As U.S.$29,800,000 in aggregate principal amount of the Bonds in accordance with the
Indications of Interest have been accepted for conversion, U.S.$249,800,000 in aggregate
principal amount of the Bonds (or 99.9 per cent. of the aggregate principal amount originally
issued) will be converted.

Implats will make reasonable endeavors to accept for conversion the outstanding Bond on the
above terms if a Conversion Notice is received by the Agent in respect of such Bond prior to 5.00
p.m. (London time) on 31 July 2019 in accordance with the Conditions.

Immediately following conversion of the Bonds, as described above, U.S.$200,000 (representing
0.1 per cent. of the aggregate principal amount of the Bonds originally issued) is expected to
remain outstanding. As 15 per cent. or less of the aggregate principal amount of the Bonds
originally issued will remain outstanding, Implats may elect to exercise its option to redeem
any such Bonds in accordance with the Conditions. A separate announcement will be made
regarding any such redemption.

In total, 64,204,365 Ordinary Shares are expected to be issued by Implats as a result of the
conversion of the Bonds, as described above, resulting in the total number of Ordinary Shares in
issue increasing to 798,982,743. As at the date hereof, Implats holds 16,233,994 Ordinary Shares
in treasury.

Morgan Stanley & Co. International plc acted as sole Dealer Manager in relation to the Invitation.

Dealer Manager
Morgan Stanley & Co. International

Conversion Agent and Payment Agent
The Bank of New York Mellon, London Branch

Financial Adviser to Implats
Macquarie Advisory and Capital Markets South Africa

Sponsor to Implats
Nedbank Corporate and Investment Banking

24 July 2019

IMPORTANT NOTICE
THE DISTRIBUTION OF THIS PRESS RELEASE IN CERTAIN JURISDICTIONS MAY BE RESTRICTED
BY LAW. PERSONS INTO WHOSE POSSESSION THIS PRESS RELEASE COMES ARE REQUIRED BY
EACH OF IMPLATS AND THE DEALER MANAGER AND THE BANK OF NEW YORK MELLON, LONDON
BRANCH (THE “AGENT”) TO INFORM THEMSELVES ABOUT, AND TO OBSERVE, ANY SUCH
RESTRICTIONS. THIS PRESS RELEASE DOES NOT CONSTITUTE AN OFFER TO SELL OR BUY OR
A SOLICITATION OF AN OFFER TO SELL OR BUY THE BONDS OR ANY OTHER SECURITIES.
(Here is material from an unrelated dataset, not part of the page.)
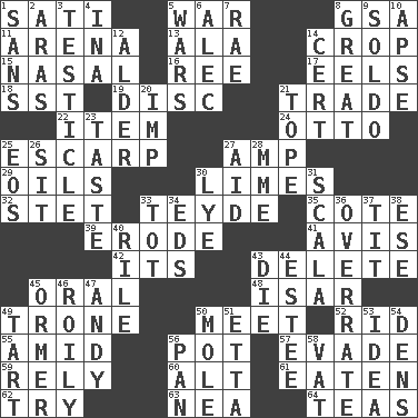 ACROSS 1. Suttee (variant) 5. Armed conflict 8. Girls' org. (abbr.) 11. Sports stadium 13. According to 14. Riding implement 15. Relating to the nose 16. To sift 17. Snakelike fish 18. Fast jet (abbr.) 19. Compact _ 21. Swap 22. Detail 24. Von Bismarck 25. Fortification 27. Electrical Unit 29. Lubricates 30. Citrus fruits 32. Proofreading order 33. Miss Universe 1986, Barbara Palacios _ 35. ____ d'Azur (French Riviera) 39. Wear away 41. Opinion 42. It is 43. Erase 45. Taken by mouth 48. Austrian river, tributary to the Danube 49. Heavy duty weighing machine 50. Rendezvous 52. To free from 55. Among 56. Plant holder 57. Elude 59. Have confidence or faith in 60. Keyboard modifier key 61. Eroded 62. Attempt 63. Teachers' org. 64. Afternoon social gatherings DOWN 1. Without 2. Caspian sea tributary 3. A testis 4. _ tizzy (2 wds.) 5. Armed conflicts 6. Actor Baldwin 7. Actress Charlotte 8. Relatively large 9. Twentieth part of a lira 10. Domed church section 12. Tree or shrub in the Birch family 14. Foregone conclusion 20. Mischievous child 21. Drink excessively 23. Clothes sense 25. Greek goddess of the dawn 26. Be seated 27. Help 28. Madame (abbr.) 30. Sodium hydroxide 31. Any of the three canals of the cochlea 33. Small child 34. Begley and Asner 36. Make much ado about nothing 37. Teat (slang) 38. Compass dir. 40. Cause heat under the collar 43. Pass on 44. First name in cosmetics 45. Channel Islands abalone 46. Agitated, as a liquid 47. "60 Minutes" Commentator Rooney 49. Small pie 50. Undercover agent 51. Singer James 53. It may be bright or harebrained 54. Habitations of wild animals 56. Baking dish 58. Large container

THIS PRESS RELEASE IS DIRECTED EXCLUSIVELY TO MARKET PROFESSIONALS AND
INSTITUTIONAL INVESTORS AND IS FOR INFORMATION PURPOSES ONLY AND IS NOT TO BE
RELIED UPON IN SUBSTITUTION FOR THE EXERCISE OF INDEPENDENT JUDGEMENT. IT IS NOT
INTENDED AS INVESTMENT ADVICE AND UNDER NO CIRCUMSTANCES IS IT TO BE USED OR
CONSIDERED AS AN OFFER TO BUY ANY BOND NOR IS IT A RECOMMENDATION TO BUY OR SELL
ANY BOND.

NONE OF THE DEALER MANAGER, THE AGENT NOR ANY OF THEIR RESPECTIVE AFFILIATES
ACCEPT ANY LIABILITY ARISING FROM THE USE OF, OR MAKES ANY REPRESENTATION AS TO
THE ACCURACY OR COMPLETENESS OF, THIS PRESS RELEASE OR IMPLATS’ PUBLICLY
AVAILABLE INFORMATION.

THE DEALER MANAGER AND THE AGENT ARE ACTING ON BEHALF OF IMPLATS AND NO ONE
ELSE IN CONNECTION WITH THE INVITATION AND WILL NOT BE RESPONSIBLE TO ANY OTHER
PERSON FOR PROVIDING THE PROTECTIONS AFFORDED TO CLIENTS OF THE DEALER MANAGER
OR THE AGENT, OR FOR PROVIDING ADVICE IN RELATION TO THE INVITATION. NEITHER THE
DEALER MANAGER NOR THE AGENT OWES ANY DUTY TO ANY HOLDER OF THE BONDS.